Normalement l'une des démocraties les plus stables d'Afrique de l'Ouest, le Sénégal a connu au cours des trois dernières années les troubles les plus meurtriers de son histoire, alimentés par l'indignation suscitée par les poursuites judiciaires engagées contre le populaire leader de l'opposition Ousmane Sonko et par les craintes que M. Sall ne se présente pour un troisième mandat.

Après avoir exclu un troisième mandat en juillet, M. Sall a tenté le mois dernier de reporter de dix mois l'élection prévue pour le 25 février, ce qui a provoqué de nouvelles manifestations. Le scrutin est désormais prévu pour le 24 mars, après qu'un tribunal a annulé sa décision.

Avec 19 candidats et aucun grand favori, l'élection devrait être la plus ouverte depuis l'indépendance en 1960.

LE TEMPS PERDU

Djiba et la famille de Coly sont des partisans déclarés du chef de l'opposition Sonko et de son candidat présidentiel désigné, Bassirou Diomaye Faye. Lorsque la gendarmerie paramilitaire a fouillé leur maison après les arrestations, elle a trouvé des accessoires de parti tels que des t-shirts et des bracelets, a déclaré Coly.
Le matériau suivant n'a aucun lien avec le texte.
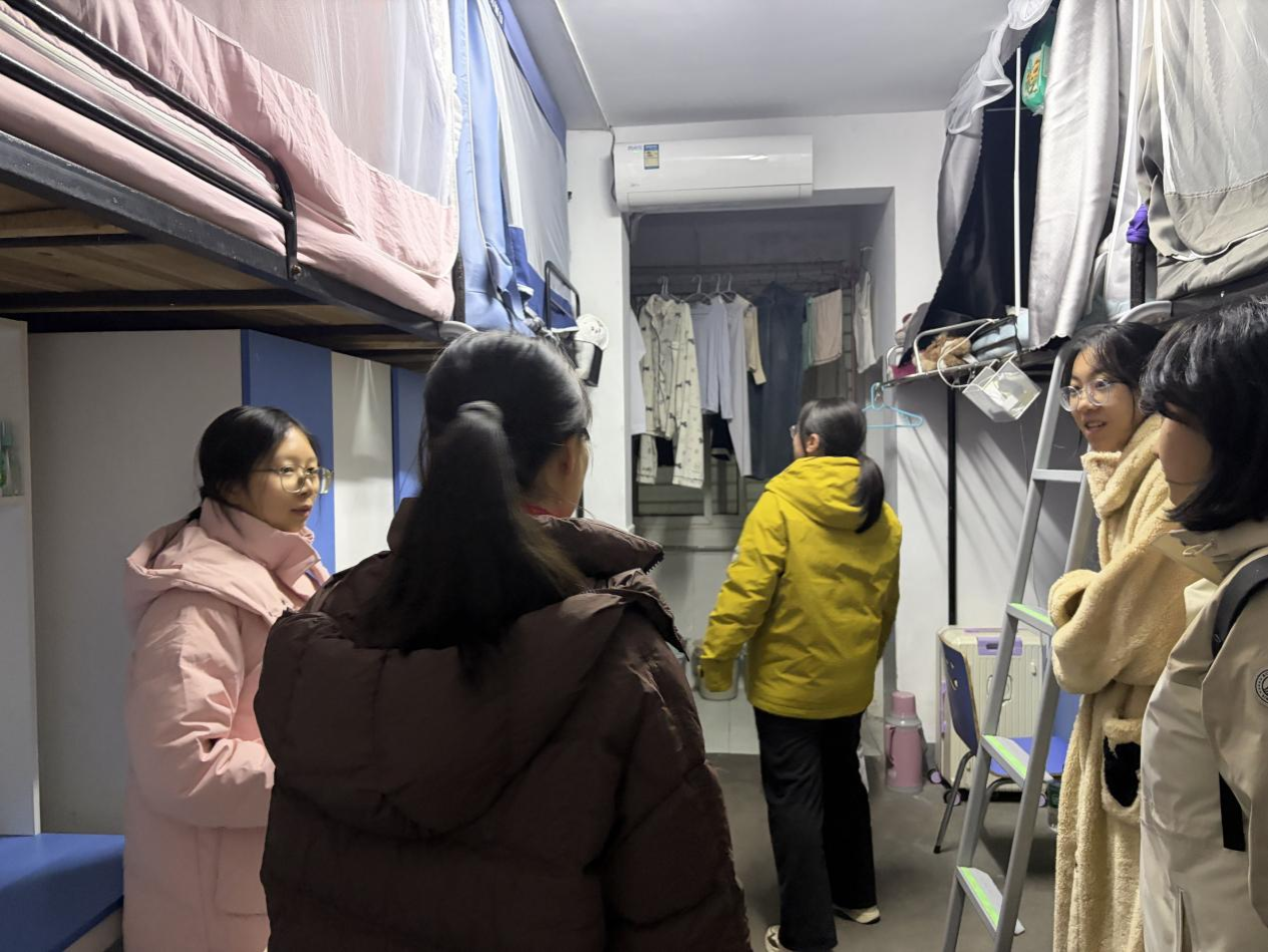 走访中,付老师和黄老师重点开展安全隐患排查,仔细检查寝室用电设备、消防通道及卫生状况,反复叮嘱同学们杜绝违规电器使用,离开寝室务必做到“三清三关”,即清走道、清阳台、清角落,关电源、关水源、关门窗,筑牢安全防线。针对部分寝室存在的物品摆放杂乱、卫生死角等问题,付老师现场指导整改,强调整洁的住宿环境对身心健康与学习效率的重要性。

"Mais est-ce un crime de soutenir un parti politique ?

Il pense que de nombreuses personnes qui n'étaient pas engagées politiquement auparavant voteront désormais contre le parti au pouvoir et le successeur choisi par M. Sall, Amadou Ba, parce qu'elles ou leurs proches ont été arrêtés.
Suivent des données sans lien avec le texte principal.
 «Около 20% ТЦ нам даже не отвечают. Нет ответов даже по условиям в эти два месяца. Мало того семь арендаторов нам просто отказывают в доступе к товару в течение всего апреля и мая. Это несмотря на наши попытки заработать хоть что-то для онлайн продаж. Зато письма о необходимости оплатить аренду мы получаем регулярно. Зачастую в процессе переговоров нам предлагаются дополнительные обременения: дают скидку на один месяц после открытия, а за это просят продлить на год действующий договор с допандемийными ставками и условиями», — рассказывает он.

Djiba a perdu son emploi dans une école privée pendant qu'elle était en prison.

Sa belle-sœur, Ada Fatou Seck Bodian, 20 ans, qui a également été arrêtée, étudiait la pétrochimie et pourrait devoir redoubler l'année, a indiqué M. Coly.

Un autre membre de la famille, Khady Dieme, 22 ans, venait de recevoir un visa pour la France, où elle devait se rendre le mois de son arrestation pour obtenir un diplôme professionnel supérieur. Mme Dieme a déclaré qu'elle ne savait pas si elle aurait une autre occasion de le faire.

"Il n'y a aucun moyen de se faire rembourser le temps perdu", a déclaré Mme Coly. "Ce sont des jeunes, des étudiants, et cela va détruire leur carrière.